Investigation of physical processes in CAMILA Hall thruster using electrical probes

Abstract

The CAMILA (co-axial magneto-isolated longitudinal anode) concept was developed to improve the anode efficiency in low-power Hall thrusters. Previous measurements, performed in Asher Space Research Institute, have shown that the thruster has the highest efficiency for its class. This paper presents an analysis of the discharge structure in an effort to improve understanding of the physical processes in CAMILA type thrusters. Internal measurements of the discharge parameters were performed using an emissive probe, a biased probe and a Faraday cup. The probes were mounted on a positioning system capable of mapping the channel in two dimensions. Maps for the plasma potential, the ion current density and the electron temperature were obtained. In addition, a one-dimensional fluid model was developed in order to compute the distribution of the plasma density and the ion velocity. The experimental investigations confirmed the basic assumptions used in the physical model of the CAMILA concept and revealed phenomena related to the radial non-uniformity of the discharge. In particular, focusing equipotentials were discovered in the area of intense ionization, reducing ion loss to the walls of the channel.
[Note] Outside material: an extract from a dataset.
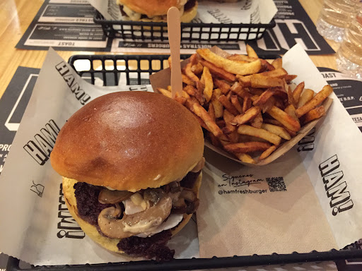 Read moreHabía hecho varios intentos para comer o cenar allí, pq vivo al lado, pero los había abortado pq el local es malo, caluroso y de ambiente recargado, sales directito a la tintorería, el olor es muy intenso. Pero hace unas semanas cenamos en la terraza. Las hamburguesas, razonables. Las patatas, un homicidio gastronómico, y eso que pregonan q son caseras y cortadas a diario. Pero el maltrato patatero es descomunal. Hoy, atendiendo a las bonitas fotografías exteriores de un Steak, y aprovechando que las puertas estaban ancladas abiertas, he intentado pedir un Steak para llevar. Me he encontrado con 4 empleados, 2 por género, y no me lo querían hacer, pero les he convencido, y han llegado a teclear el pedido. Ahí han empezado los problemas, "la propiedad no quiere", "la marca nos lo prohíbe", después de qué les hubiese exonerado de cualquier crítica, y de exponerles que vivo a dos portales de distancia. Eran 2 y medio a 1 y medio, pero al final ha ganado el planchista, y me han anulado el pedido. Pues bien, antes se coge a un mentiroso que a un cojo. Al salir, he llamado a un Ham del C.C. La Dehesa, Madrid, donde una amable camarera me ha dicho que estarán encantados de prepararme el producto para llevar cuando lo desee. Yo no volveré, pero a la propiedad de Zaragoza le sugiero que no me responda, mejor que dedique sus esfuerzos a limpiar la plancha, la freidora, y la extractora. Hay que ser valiente, o tenerlos benedictinos, para tener una jaula de cristal a la vista del público. A quien lea esta reseña le recomiendo ver las fotos de otras reseñas donde se ve la plancha y la extractora y tomar conciencia de la higiene del local. Mejor que no os visite Chicote. Absolutamente mediocre y...

This mechanism is principal in obtaining the high efficiency of the thruster. When operated with strengthened longitudinal magnetic field, the plasma density inside the anode cavity was significantly higher in the middle than near the anodes. The fraction of ion current generated inside the anode cavity was greater than in the simplified case, 19% compared with 13% respectively. In addition, it was shown that electrons in the cusp region, the region between predominately radial to predominately axial magnetic fields, were not well confined, however, no potential hump is created and ions are able to cross this region to the acceleration channel.